» **TASK TO COMPLETE**
Return the lines of the listing below exactly as they appear, beginning at the one with "Il primo evento" and stopping after the one with "Step into effortless"; do not include pictures.
GIVEN RECORDS START
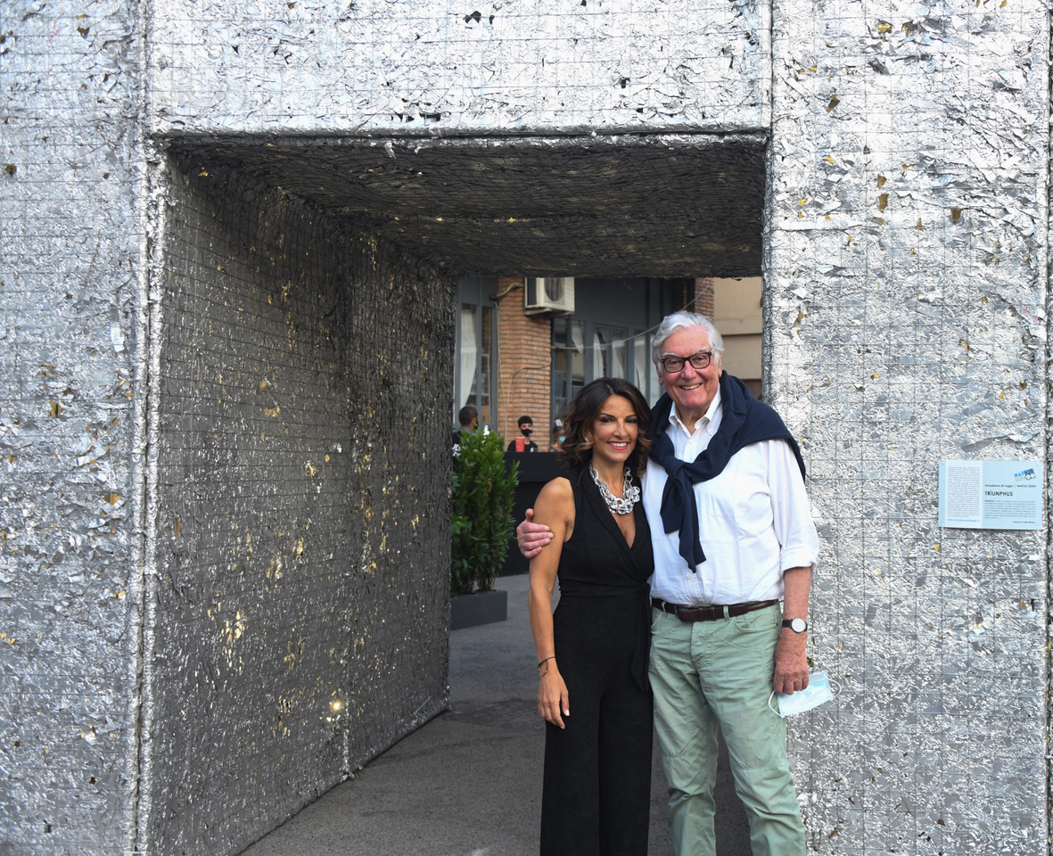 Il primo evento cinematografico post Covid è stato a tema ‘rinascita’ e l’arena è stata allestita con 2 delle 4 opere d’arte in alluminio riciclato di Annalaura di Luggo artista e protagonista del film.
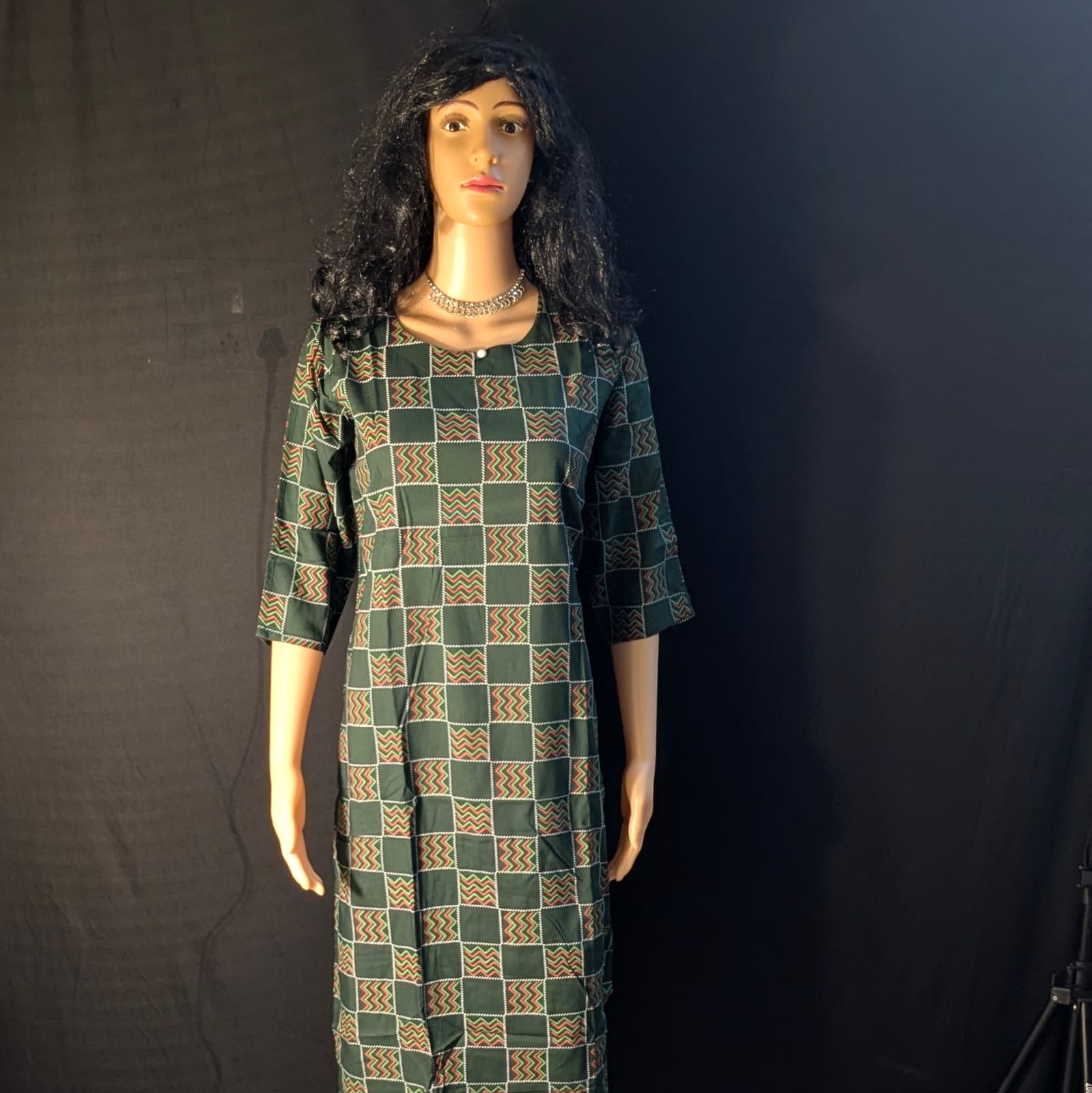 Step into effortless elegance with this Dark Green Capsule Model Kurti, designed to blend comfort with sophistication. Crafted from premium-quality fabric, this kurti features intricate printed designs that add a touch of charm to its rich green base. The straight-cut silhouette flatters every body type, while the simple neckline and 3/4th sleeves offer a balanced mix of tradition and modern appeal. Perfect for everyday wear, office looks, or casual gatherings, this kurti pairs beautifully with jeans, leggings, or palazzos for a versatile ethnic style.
GIVEN RECORDS END
GIVEN RECORDS START
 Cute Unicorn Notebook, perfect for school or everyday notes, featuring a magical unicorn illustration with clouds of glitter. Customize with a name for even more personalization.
GIVEN RECORDS END
GIVEN RECORDS START
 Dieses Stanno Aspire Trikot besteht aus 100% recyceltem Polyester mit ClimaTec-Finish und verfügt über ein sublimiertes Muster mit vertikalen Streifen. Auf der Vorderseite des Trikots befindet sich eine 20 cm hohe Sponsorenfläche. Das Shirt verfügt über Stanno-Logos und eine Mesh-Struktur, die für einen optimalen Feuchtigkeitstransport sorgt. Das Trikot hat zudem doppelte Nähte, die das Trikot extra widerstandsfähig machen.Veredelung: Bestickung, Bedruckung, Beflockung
GIVEN RECORDS END
» **ANSWER BOX**
 Il primo evento cinematografico post Covid è stato a tema ‘rinascita’ e l’arena è stata allestita con 2 delle 4 opere d’arte in alluminio riciclato di Annalaura di Luggo artista e protagonista del film.
 Step into effortless elegance with this Dark Green Capsule Model Kurti, designed to blend comfort with sophistication. Crafted from premium-quality fabric, this kurti features intricate printed designs that add a touch of charm to its rich green base. The straight-cut silhouette flatters every body type, while the simple neckline and 3/4th sleeves offer a balanced mix of tradition and modern appeal. Perfect for everyday wear, office looks, or casual gatherings, this kurti pairs beautifully with jeans, leggings, or palazzos for a versatile ethnic style.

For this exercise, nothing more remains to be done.